Now that the warm weather is here to stay in most places around the United States, it's a great time to consider biking to work. If you’re considering commuting by bike, look into participating in your community’s bike-to-work activities this month and consider this advice to help make your two-wheeled commute a success.
Check your equipment
If you’re pulling a bike out of storage and expect to put some major miles on it, you’ll need to make sure it’s in good shape, says Ben Folsom, a senior policy analyst with Citizen Immigration Services. “Have your bike inspected for safety at your nearest neighborhood bike shop,” says Folsom, who has been commuting by bike for the past four years.
“Are the tires inflated? Do you have a spare tube? Are the brakes in working order?” Also, get a good cable lock or U-lock to keep your bike secure while you’re on the job, and consider lights if you’re biking at night, Folsom recommends.
Get a helmet
Not only do you need an up-to-date bike helmet, it needs to fit correctly. “The bike shop can help, but consider the rule of two fingers,” Folsom says. “Around the ears, no more than two in the chin strap and two between your eyebrows and the lid of the helmet. It should sit flat.”

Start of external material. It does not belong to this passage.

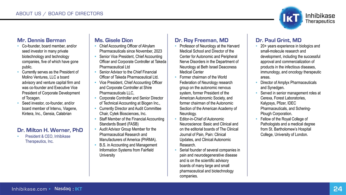 ABOUT US / BOARD OF DIRECTORS Mr. Dennis Berman Ms. Gisele Dion Dr. Roy Freeman, MD Dr. Paul Grint, MD • Co-founder, board member, and/or • Chief Accounting Officer of Alnylam • Professor of Neurology at the Harvard • 20+ years experience in biologics and seed investor in many private Pharmaceuticals since November, 2023 Medical School and Director of the small-molecule research and biotechnology and technology • Senior Vice President, Chief Accounting Center for Autonomic and Peripheral development, including the successful companies, five of which have gone Officer and Corporate Controller at Takeda Nerve Disorders in the Department of approval and commercialization of public. Pharmaceutical Ltd Neurology at Beth Israel Deaconess products in the infectious diseases, • Currently serves as the President of • Senior Advisor to the Chief Financial Medical Center immunology, and oncology therapeutic Molino Ventures, LLC a board Officer of Takeda Pharmaceutical Ltd. • Former chairman of the World areas. advisory and venture capital firm and • Vice President, Chief Accounting Officer Federation of Neurology research • Director of Amplyx Pharmaceuticals was co-founder and Executive Vice and Corporate Controller at Shire group on the autonomic nervous and Synedgen. President of Corporate Development Pharmaceuticals LLC, system, former President of the • Served in senior management roles at of Tocagen. • Corporate Controller and Senior Director American Autonomic Society, and Cerexa, Forest Laboratories, • Seed investor, co-founder, and/or of Technical Accounting at Biogen Inc., former chairman of the Autonomic Kalypsys, Pfizer, IDEC board member of Intervu, Viagene, • Currently Director and Audit Committee Section of the American Academy of Pharmaceuticals, and Schering- Kintera, Inc., Gensia, Calabrian Chair, Cytek Biosciences, Inc. Neurology. Plough Corporation. • Staff Member of the Financial Accounting • Editor-in-Chief of Autonomic • Fellow of the Royal College of Standards Board (FASB) Neuroscience: Basic and Clinical and Pathologists and a medical degree • Audit Advisor Group Member for the on the editorial boards of The Clinical from St. Bartholomew’s Hospital Dr. Milton H. Werner, PhD Pharmaceutical Research and Journal of Pain, Pain: Clinical College, University of London. • President & CEO, Inhibikase Manufacturers of America (PhRMA). Updates, and Clinical Autonomic Therapeutics, Inc. • B.S. in Accounting and Management Research. Information Systems from Fairfield • Serial founder of several companies in University pain and neurodegenerative disease and is on the scientific advisory boards of many large and small pharmaceutical and biotechnology companies. Inhibikase.com • : IKT 24

Think of your helmet like a seat belt, says Neil Gussman, who bikes 9 miles from his train to work every day. “If you are hurt in a car accident and were not wearing a seatbelt, you are wrong. Period. If you fall from a bicycle, your head will hit the ground. Wear the helmet or let what would have been an inconsequential spill ruin your life.”
Wear bike-friendly clothes
If you have a long commute, or are able to shower at work, bring your business clothes in a bag. Otherwise, you can dress in clothes that translate to work as well. “I try to wear black pants that won't look dirty if I get grease from the bike chain on them,” says Debra Caruso Marrone of DJC Communications. “Your clothing has to be comfortable, not stiff, so you can move properly.”

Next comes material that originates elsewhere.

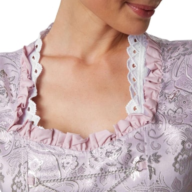 Den sofistikerte Maxi-Dirndl Neuschwanstein fås i feminine fargetoner. Et sølvfarget blomstermønster pryder overdelen i en myk rosafarge. Den slående utringningen er pyntet med rysjer. Et lite kjede med fine ledd gir snøringen styrke. Rundt den hvite skjørtedelen er det bundet et forkle i matchende farger, som på en perfekt måte avrunder den elegante looken, Materiale: 100 % bomull.

Give your route a trial run
Folsom recommends taking a trial run to work on a Saturday or Sunday to scope out the best way to get there when you’re not pressed for time. Map out bike paths, streets with bike lanes and preferred routes so you don’t get discouraged when you’re trying to get to work during rush hour.
Create a clean-up plan
“You are going to sweat if you ride,” Gussman says. “Be prepared to deal with it when you arrive at work. Some people use wipes, some have access to a shower, but you will have to figure out how to deal with sweat or you won't ride.”
Embrace the benefits
Biking to work can seem like a great idea on a cool spring day, but your enthusiasm might drop on a hot or rainy afternoon. Stick with it; the benefits are worth it, say people who bike regularly to work.
“I bike to work almost everyday for many reasons,” says Reed Daw, who bikes to work at Ice.com in Austin, Texas. “Biking to work is like drinking your morning cup of coffee. It gives me energy to start the day, provides a solid morning workout, is usually faster than driving anyways (traffic is horrible in Austin) and saves a lot of gas. I don't have to worry about finding parking or paying for it and riding my bike in the morning sets myself up for a productive day of work.”
Marrone agrees. “It's been a great experience and I feel that I am getting a workout while I commute, a time saver,” she says. “Plus, I'm saving gas and the the environment (even though it's only a 15 minute bike ride). It's also easy to stop for errands on the way home in the evening.”